Le visage illuminé par un espoir nouveau, Jacques, 22 ans, serre fermement sa machine à coudre flambant neuve. Comme lui, 81 autres jeunes considérés « à risque » viennent de recevoir à Mambasa des kits de réinsertion socio-économique, point d’orgue d’une formation de quatre mois intensifs. « Avant, je traînais au marché sans avenir. Aujourd’hui, je vais ouvrir mon atelier de couture », confie-t-il, la voix nouée d’émotion. Cette scène poignante, survenue le 9 juillet, symbolise le combat contre la précarité des jeunes en Ituri, une province meurtrie par des décennies de conflits.
Coiffure mixte, pâtisserie, décoration événementielle et coupe-couture : les filières choisies répondent aux besoins réels du tissu économique local. Portée par l’ONG catholique irlandaise Trocaire en partenariat avec Caritas Développement Congo, cette opération va bien au-delà d’un simple don matériel. « L’objectif est de rendre ces jeunes utiles à eux-mêmes et à leur communauté », explique un coordinateur sur place. Comment ? En transformant des vies marginalisées en forces productives grâce à l’acquisition de compétences tangibles et d’outils concrets pour générer des revenus durables.
Cette initiative s’inscrit dans un programme plus vaste de résilience communautaire. À preuve, 65 autres jeunes vulnérables ont bénéficié d’une formation similaire à Kasenyi, localité située à 55 km au sud de Bunia. La stratégie est claire : toucher les zones où le désœuvrement juvénile alimente les cycles de violence. Mais suffira-t-il de kits socio-économiques à Mambasa pour enrayer la spirale infernale ? Si les machines à coudre et les ustensiles de pâtisserie sont essentiels, les défis restent immenses dans une région où 70% des moins de 25 ans sont sans emploi selon les dernières études.
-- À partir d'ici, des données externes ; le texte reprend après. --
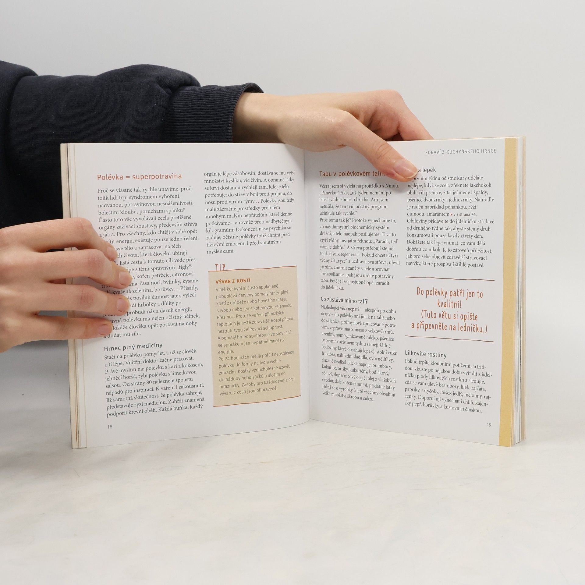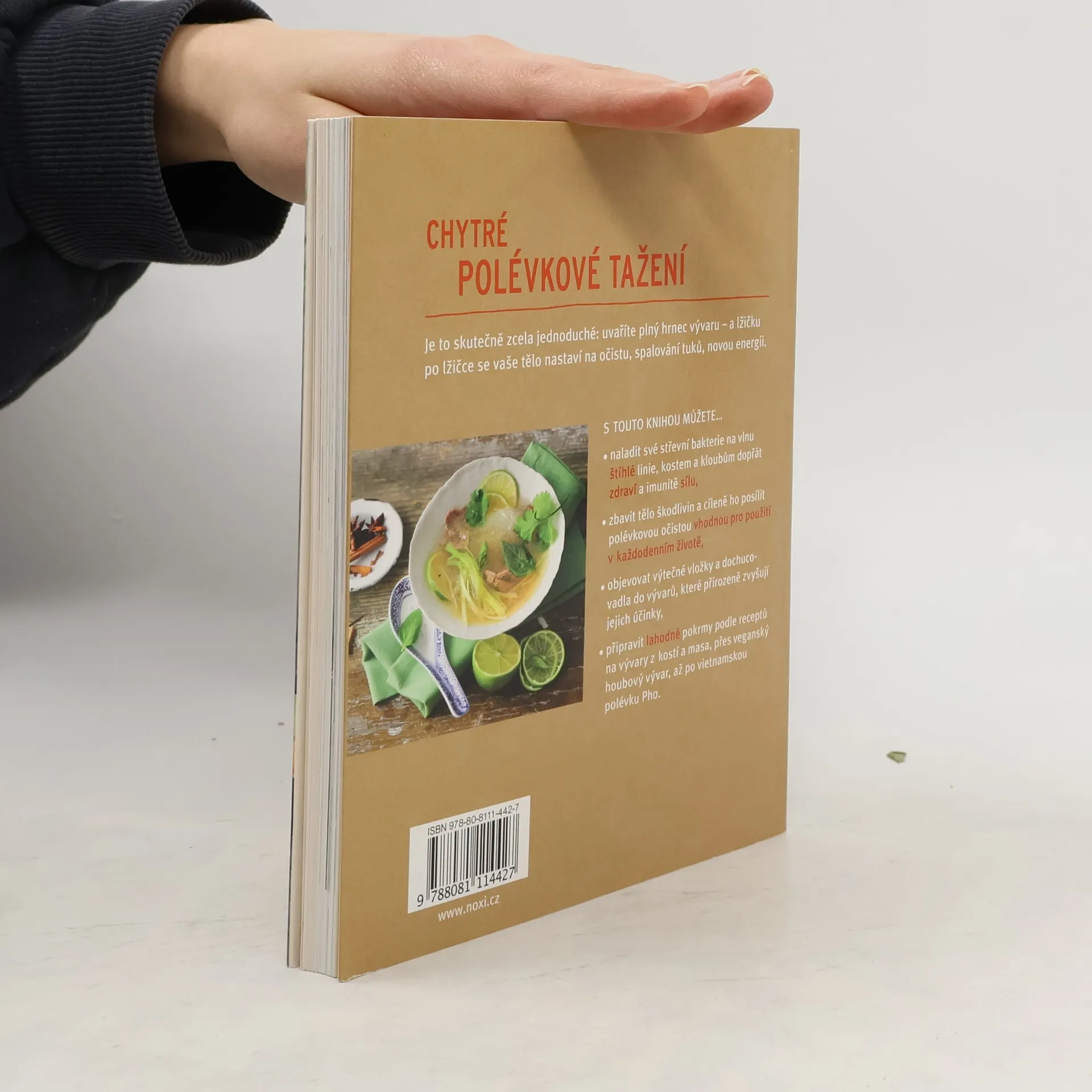Léčivé polévky - poctivé vývary pro více energie, méně kil a zdravá střeva. Čtyřtýdenní detoxikační program. Je to skutečně velmi jednoduché - uvaříte velký hrnec vývaru a vaše tělo lžíci za lžící přepne na detoxikaci, spalování tuků a novou energii. S touto knihou MŮŽETE ... • nastavit střevní bakterie na zeštíhlování, kosti a klouby na ozdravení a aktivovat imunitní buňky • pomocí polévkového detoxikačního programu vhodného pro každý den zbavit tělo jedů a cílevědomě jej posílit • objevit chutné přídavky do vývarů, které působí jako přirozená vzpruha • vykouzlit lahodné pokrmy od vývaru z kostí, veganského houbového vývaru až po vietnamskou polévku.
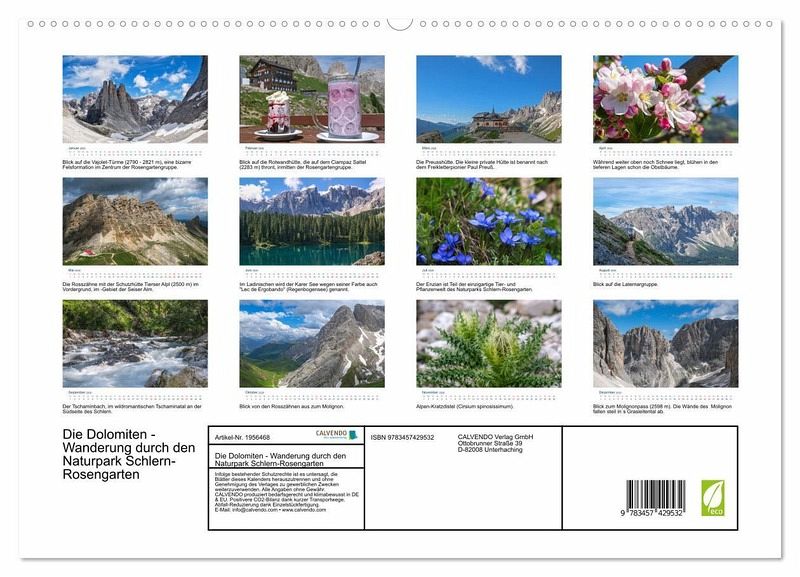 PREMIUM-LINIE - Brillanter Fotokalender mit 12 wunderschönen Motiven, Kunstdruck in Hochglanz in Museumsqualität.QUALITÄT - edle Materialien, stabile Rückwand mit 2 innovativen Einstecktaschen für eine optimale Präsentation an der Wand.NACHHALTIG - deutliche Abfallreduzierung durch bedarfsgerechte Einzelstückfertigung, umweltfreundliches FSC-zertifiziertes Papier, Produktion in Deutschland, klimabewusste Logistik.PERFEKTES GESCHENK - Kalender für Freunde und Familie, für Kinder und Erwachsene, jung und alt, zu Weihnachten, Geburtstag oder zwischendurch.Entdecken Sie mit diesem Kalender den einzigartigen Naturpark Schlern-Rosengarten, ein Wanderparadies inmitten der Südtiroler Dolomiten. von Autor(in): Birgit Matejka
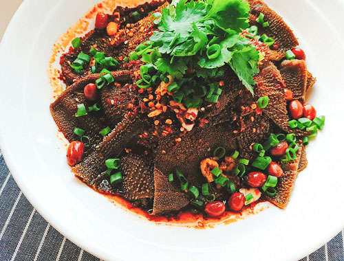 6、調好的汁水淋在擺好的毛肚上,均勻的撒上油酥花生、蔥花、香菜擺中間。
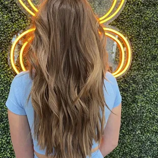 Highlights, cut, blow-out, and curl by MaryBeth at Miraposa Salon.
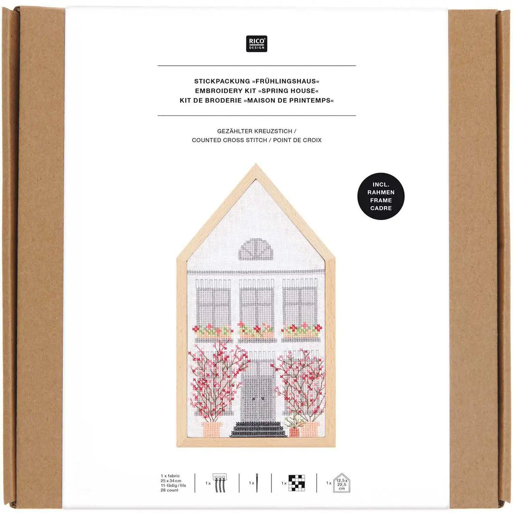 Oplev den charmerende elegance i dette smukke broderisæt fra Rico Design. Dette detaljerede broderi viser et pænt hus med forårsplanter og vinduer, perfekt indrammet i en husformet træramme.

L’autonomisation des jeunes à risque passe par un accompagnement sur la durée. « La remise des kits n’est qu’une étape », tempère un formateur. « Nous assurons un suivi technique et commercial pendant six mois pour garantir la pérennité des micro-entreprises. » Cette approche holistique illustre l’urgence de multiplier les projets de réinsertion jeunes en Ituri, où les groupes armés recrutent encore parmi les désœuvrés. Les formations professionnelles en RDC deviennent ainsi un rempart contre l’instabilité.
Derrière ces chiffres – 82 kits distribués ici, 65 là-bas – se cache une réalité sociale criante. Dans les quartiers périphériques de Mambasa, des centaines d’autres adolescents errent encore sans perspective. Le programme de Trocaire Congo, bien que salutaire, ne touche qu’une fraction des nécessiteux. « J’ai vu des camarades abandonner par manque de moyens pour venir aux cours », soupire Anifa, nouvelle coiffeuse. Son témoignage interpelle : l’accès à la formation reste un luxe dans ces territoires oubliés.
L’enjeu dépasse largement l’économie. Il s’agit de reconstruire un pacte social fissuré par les guerres successives. Quand un jeune reçoit une machine au lieu d’un fusil, c’est toute la communauté qui respire. Mais gare à l’effet vitrine : sans systèmes de crédit adaptés ni marchés stables, plusieurs bénéficiaires risquent de revendre leurs kits dans l’année. L’autonomisation promise par les ONG doit s’ancrer dans des politiques publiques structurantes. À quand un plan national pour la réinsertion des jeunes vulnérables ? L’Ituri, laboratoire d’espoirs fragiles, attend des réponses concrètes.